Cartilage has an intrinsically low
healing capacity, thereby requiring
surgical intervention. However, limitations of biological grafting
and existing synthetic replacements have prompted the need to produce
cartilage-mimetic substitutes. Cartilage tissues perform critical
functions that include load bearing and weight distribution, as well
as articulation. These are characterized by a range of high moduli
(≥1 MPa) as well as high hydration (60–80%). Additionally,
cartilage tissues display spatial heterogeneity, resulting in regional
differences in stiffness that are paramount to biomechanical performance.
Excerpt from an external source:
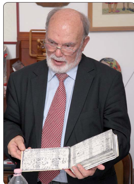
Knjigu je za tisak priredio akademik Josip Bratulić.

1991. godine darovao Nacionalnoj i sveučilišnoj knjižnici u Zagrebu. Pjesmarica Ane Katarine Zrinski govori o jednome burnom povijesnom vremenu, te obitelji Zrinskih i Frankopana čija je sudbina neraskidivo vezana za patnje i stradanja hrvatskoga naroda, ali i o unutarnjem doživljaju i intimi pjesnikinje Ane Katarine Zrinski, kazao je između ostaloga u svom

Thus, cartilage substitutes would ideally recapitulate both local
and regional properties. Toward this goal, triple network (TN) hydrogels
were prepared with cartilage-like hydration and moduli as well as
adhesivity to one another. TNs were formed with either an anionic
or cationic 3rd network, resulting in adhesion upon contact
due to electrostatic attractive forces. With the increased concentration
of the 3rd network, robust adhesivity was achieved as characterized
by shear strengths of ∼80 kPa. The utility of TN hydrogels
to form cartilage-like constructs was exemplified in the case of an
intervertebral disc (IVD) having two discrete but connected zones.
Overall, these adhesive TN hydrogels represent a potential strategy
to prepare cartilage substitutes with native-like regional properties.